Carol was standing, and nodding. She was hearing, and part of her was understanding. “I understand.” She was calm (sort of) but, “Nobody had told me yet that this was ‘end-stage’” She nodded. Shuffled her feet.

In short, no doc had actually said yet that Bob was going to die. She suspected. She said she’s talked about it with her family, what they would do, what Bob really wants. But nobody’d SAID it to her yet. She was waiting, fearing, to hear it. And now she’d heard it.

And this is why I have profound respect for intensivists. Because every one I have known has had to deliver this news to someone who deeply loves their patient, this person lying in the bed. And because intensivists are THERE at the ICU bedside, they see this suffering, and they understand that when it is time…it is so important for them to be honest and say that it is time. And the intensivists I've worked with have been honest and I think that takes courage.

The doc said, “I’m very sorry to have to deliver such bad news.” She nodded. She said Bob never wanted this much STUFF (gesturing to the entire room). This is not how he wants to live; they have a living will that is very clear. “He doesn’t want all this,” said Carol, “I’ve talked to the whole family and we all agree that if he isn’t going to get better, he doesn’t want this.” She wobbled. He pretended not to notice. I made eggplant loops and tried not to breathe loudly in the corner.

The doc said gently, “What we can do, then, is maybe wait a day or two to see if we see any improvement. To be honest, I do not expect any, but no doctor can tell you for sure what will happen. If he does not want us to do this, we can stop this. Why don’t we give it a day or two and then make that decision?” “Okay…..How long?” “Maybe we could re-evaluate, say, Sunday? Will you be here Sunday?” “I will be here Sunday…..I will be with him. I will be here. Yes. I can. I can bring the family Sunday, too.
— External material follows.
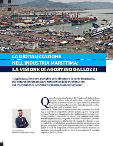 LA DIGITALIZZAZIONE NELL'INDUSTRIA MARITTIMA: LA VISIONE DI AGOSTINO GALLOZZI “Digitalizzazione non vuol dire solo eliminare la carta in azienda, ma poter fruire in maniera tempestiva delle informazioni sul trasferimento delle merci e transazioni economiche”.

Yes." She nods more.

The doc nods, too. “I am sorry to deliver such bad news.” She thanks him. Nods. He nods. He makes a quiet exit. She turns to the window, which is dark because it is evening. I can see her reflection in it quite clearly. She holds her hands over her face, with her index fingers in the corners of her eyes. She is very still. I think I hear the word, “Sunday,” a whisper.

I stand up and walk softly, in my rubber-soled shoes, up to Carol. I touch her left shoulder, so as not to startle her. And then I wrap my arms around her shoulders and put my ear to her shoulder and squeeze.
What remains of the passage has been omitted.